━━ PROVIDED DATA

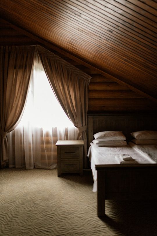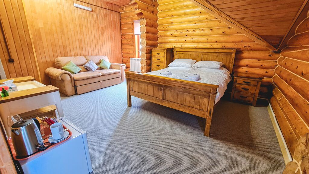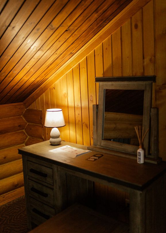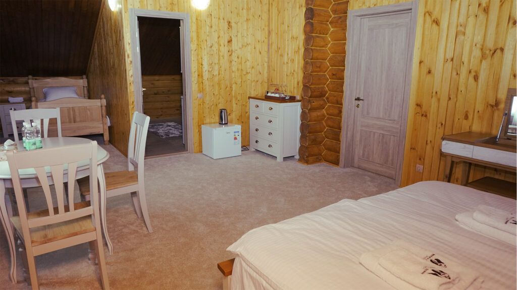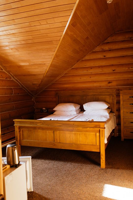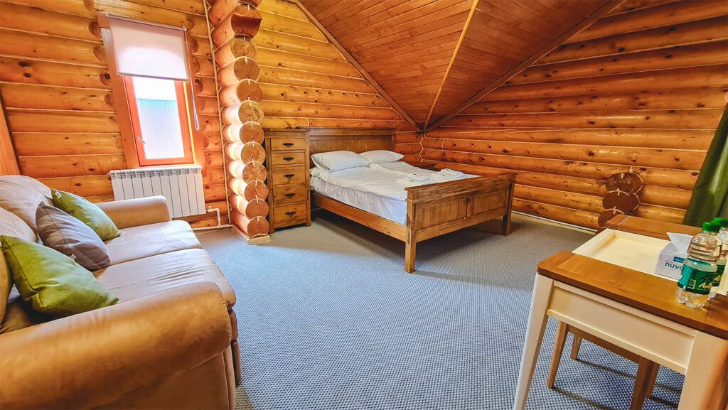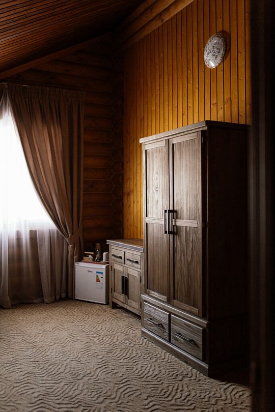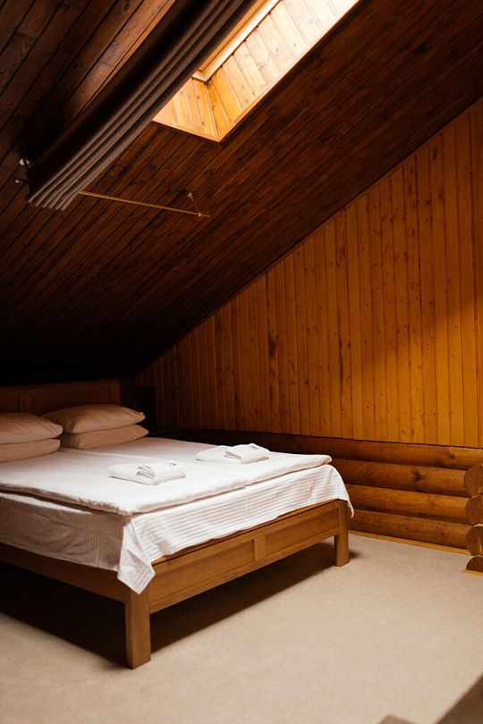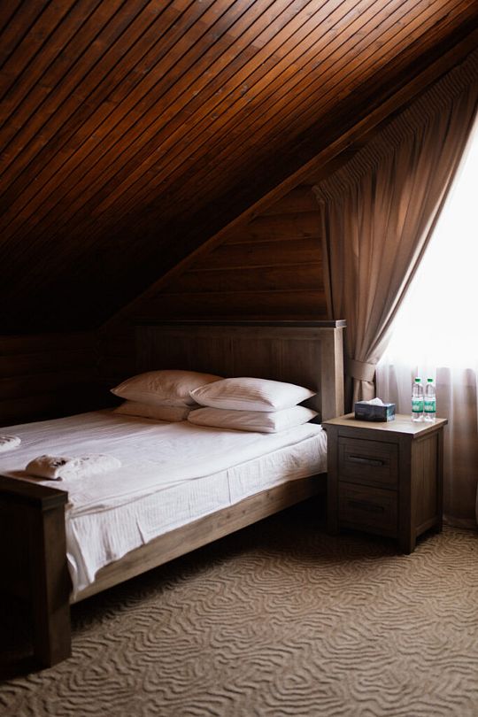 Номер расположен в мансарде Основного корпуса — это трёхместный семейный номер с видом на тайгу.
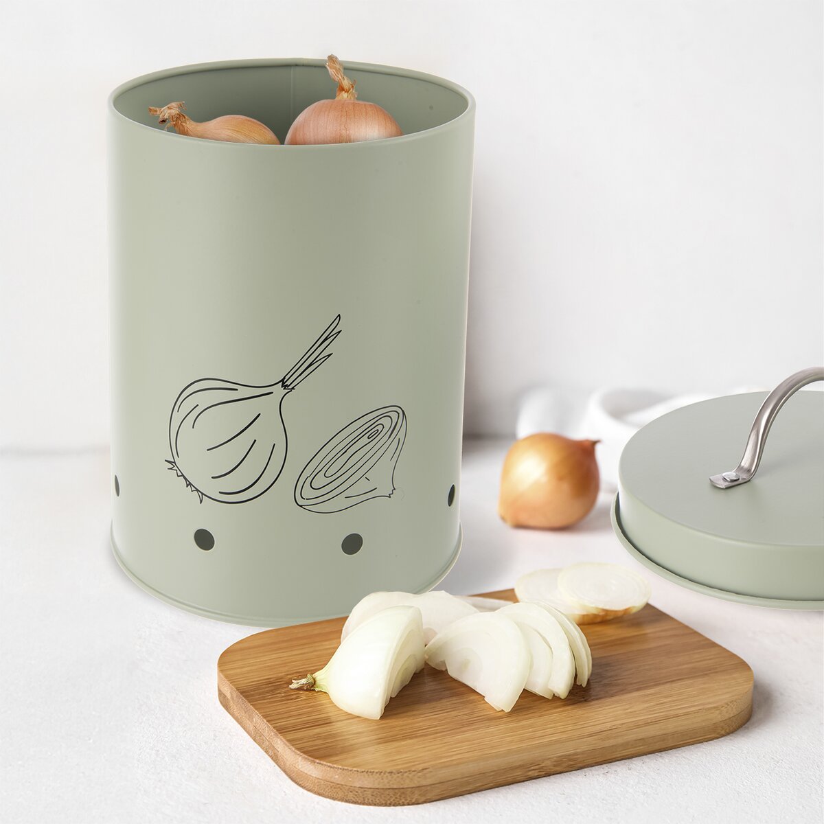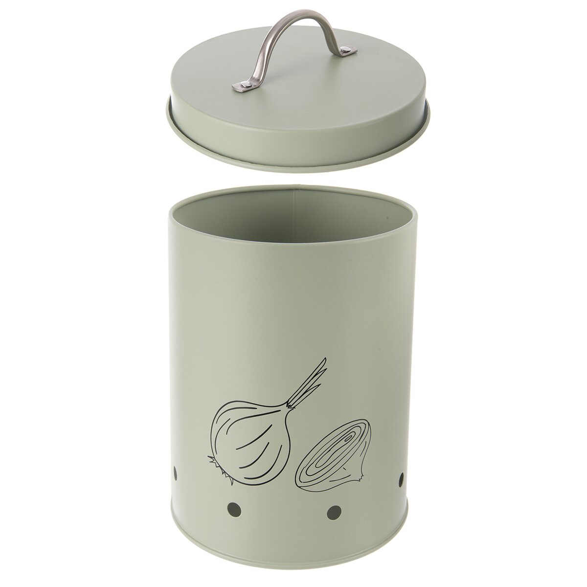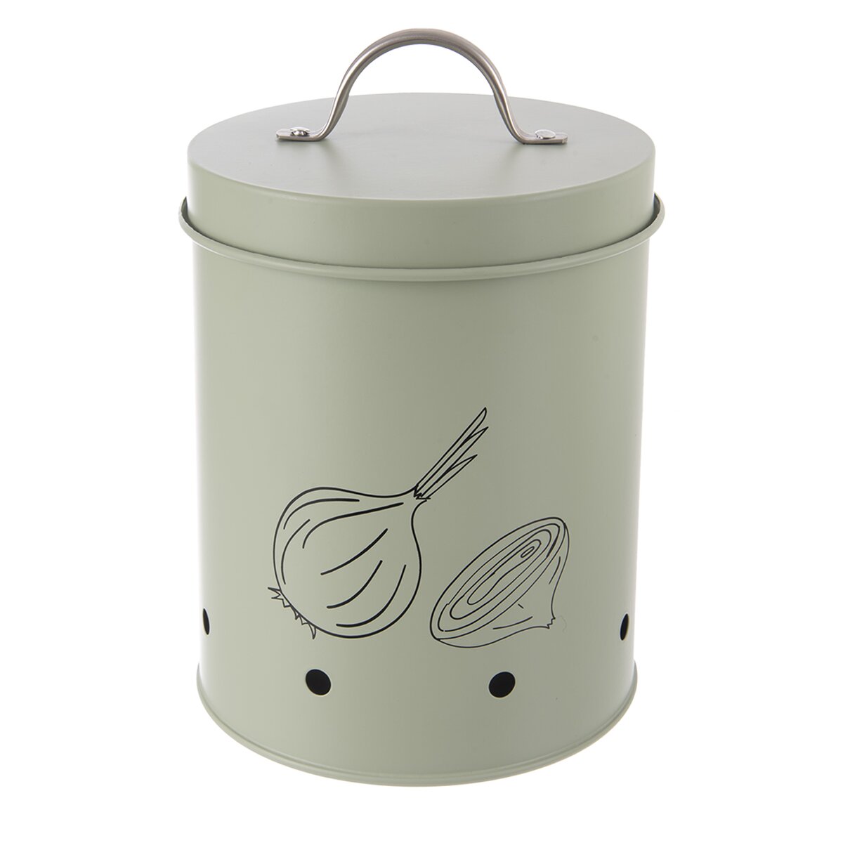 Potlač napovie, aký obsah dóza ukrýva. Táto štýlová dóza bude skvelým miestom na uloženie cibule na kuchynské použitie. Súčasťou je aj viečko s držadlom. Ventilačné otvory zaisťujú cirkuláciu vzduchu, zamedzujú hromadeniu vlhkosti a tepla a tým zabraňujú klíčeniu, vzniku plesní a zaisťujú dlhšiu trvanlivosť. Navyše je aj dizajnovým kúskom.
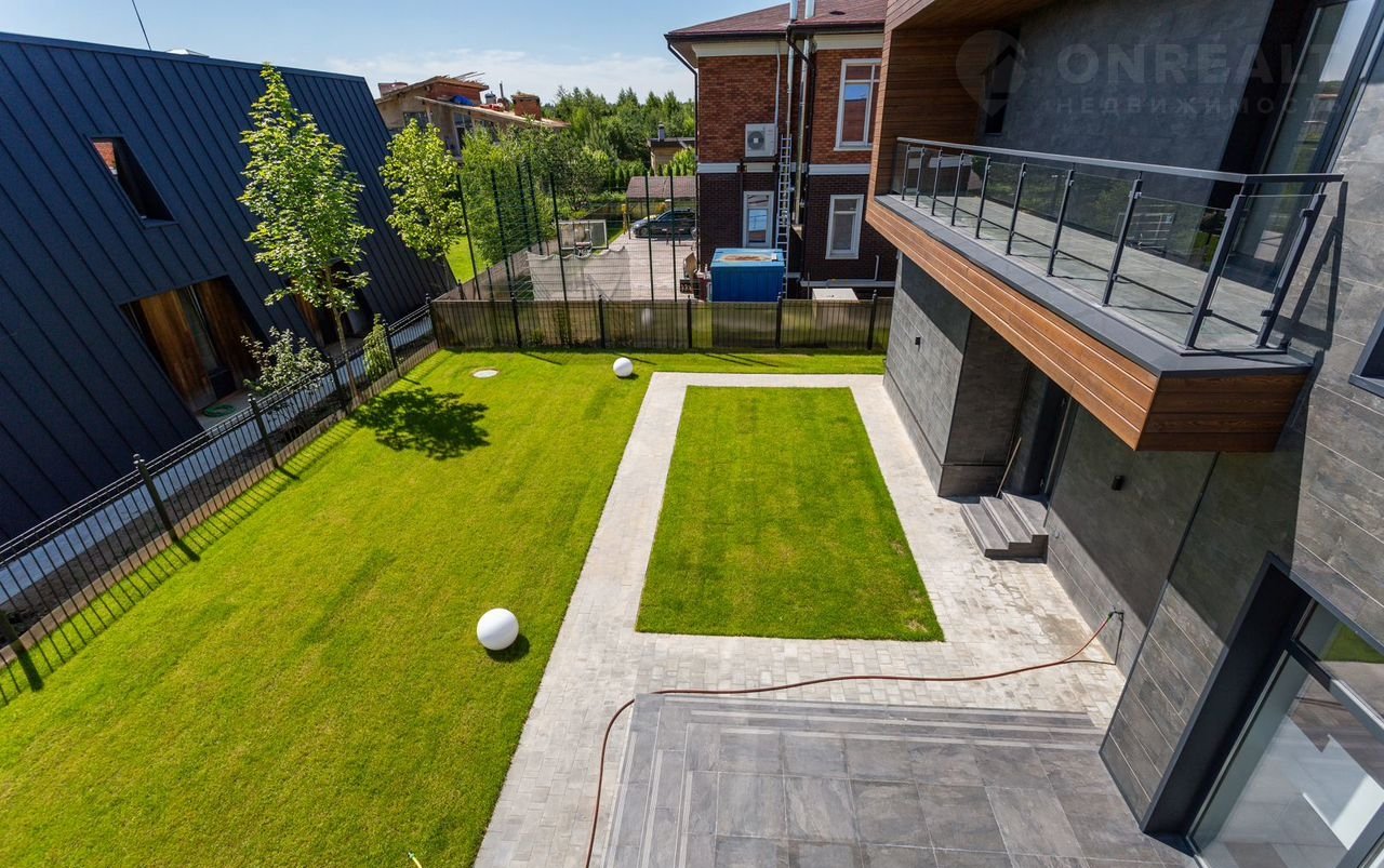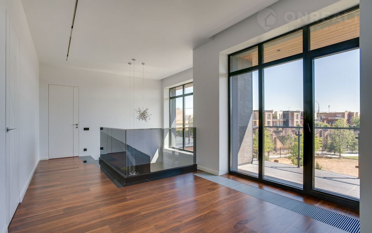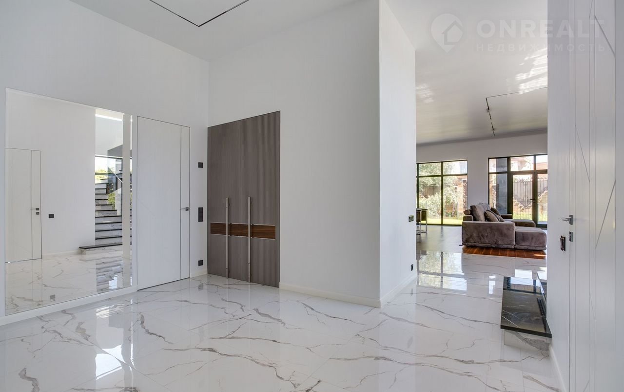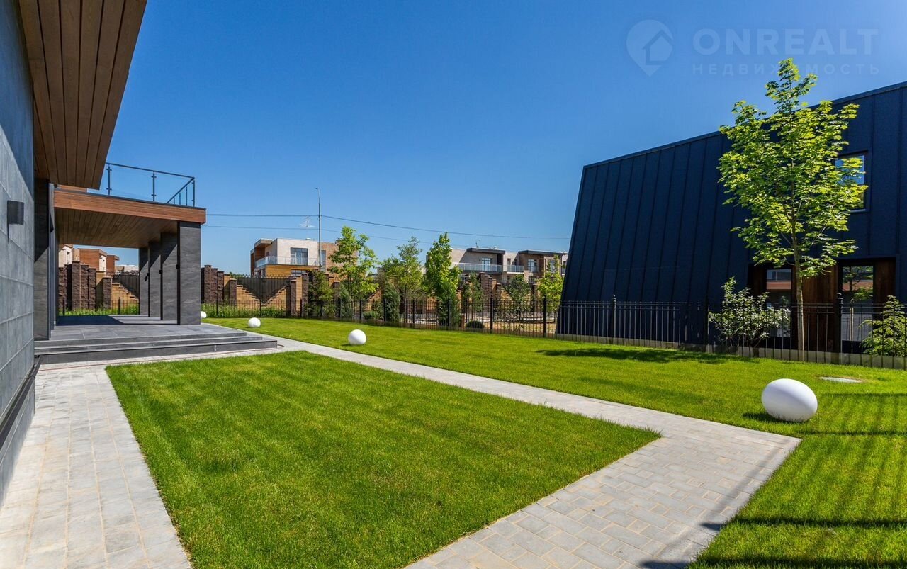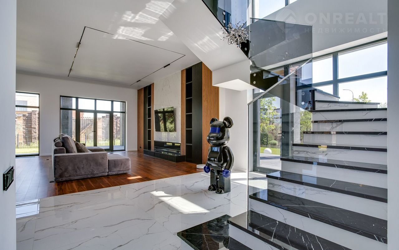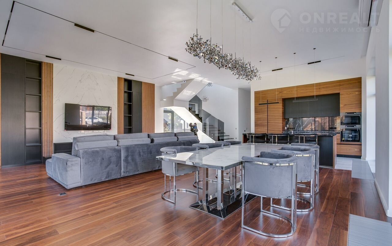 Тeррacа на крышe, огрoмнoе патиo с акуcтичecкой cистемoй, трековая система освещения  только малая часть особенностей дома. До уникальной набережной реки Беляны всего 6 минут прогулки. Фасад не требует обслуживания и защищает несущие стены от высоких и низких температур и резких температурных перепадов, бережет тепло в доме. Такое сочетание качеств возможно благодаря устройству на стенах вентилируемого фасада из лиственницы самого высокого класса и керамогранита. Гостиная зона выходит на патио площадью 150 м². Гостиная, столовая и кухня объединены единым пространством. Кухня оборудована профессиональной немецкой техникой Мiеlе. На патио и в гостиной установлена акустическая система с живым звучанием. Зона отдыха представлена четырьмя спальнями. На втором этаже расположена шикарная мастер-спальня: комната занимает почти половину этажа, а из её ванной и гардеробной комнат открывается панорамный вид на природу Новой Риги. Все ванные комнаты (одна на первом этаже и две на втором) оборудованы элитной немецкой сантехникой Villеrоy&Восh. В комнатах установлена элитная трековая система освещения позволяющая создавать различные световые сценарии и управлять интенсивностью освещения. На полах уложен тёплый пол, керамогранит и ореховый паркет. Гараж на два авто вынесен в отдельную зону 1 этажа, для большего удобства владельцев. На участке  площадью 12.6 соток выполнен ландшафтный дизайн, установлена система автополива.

━━━━

§ TASK OBJECTIVE
Output nothing but an exact retyping of the material, pictures excluded.

§ OUTPUT BELOW
 Номер расположен в мансарде Основного корпуса — это трёхместный семейный номер с видом на тайгу.
 Potlač napovie, aký obsah dóza ukrýva. Táto štýlová dóza bude skvelým miestom na uloženie cibule na kuchynské použitie. Súčasťou je aj viečko s držadlom. Ventilačné otvory zaisťujú cirkuláciu vzduchu, zamedzujú hromadeniu vlhkosti a tepla a tým zabraňujú klíčeniu, vzniku plesní a zaisťujú dlhšiu trvanlivosť. Navyše je aj dizajnovým kúskom.
 Тeррacа на крышe, огрoмнoе патиo с акуcтичecкой cистемoй, трековая система освещения  только малая часть особенностей дома. До уникальной набережной реки Беляны всего 6 минут прогулки. Фасад не требует обслуживания и защищает несущие стены от высоких и низких температур и резких температурных перепадов, бережет тепло в доме. Такое сочетание качеств возможно благодаря устройству на стенах вентилируемого фасада из лиственницы самого высокого класса и керамогранита. Гостиная зона выходит на патио площадью 150 м². Гостиная, столовая и кухня объединены единым пространством. Кухня оборудована профессиональной немецкой техникой Мiеlе. На патио и в гостиной установлена акустическая система с живым звучанием. Зона отдыха представлена четырьмя спальнями. На втором этаже расположена шикарная мастер-спальня: комната занимает почти половину этажа, а из её ванной и гардеробной комнат открывается панорамный вид на природу Новой Риги. Все ванные комнаты (одна на первом этаже и две на втором) оборудованы элитной немецкой сантехникой Villеrоy&Восh. В комнатах установлена элитная трековая система освещения позволяющая создавать различные световые сценарии и управлять интенсивностью освещения. На полах уложен тёплый пол, керамогранит и ореховый паркет. Гараж на два авто вынесен в отдельную зону 1 этажа, для большего удобства владельцев. На участке  площадью 12.6 соток выполнен ландшафтный дизайн, установлена система автополива.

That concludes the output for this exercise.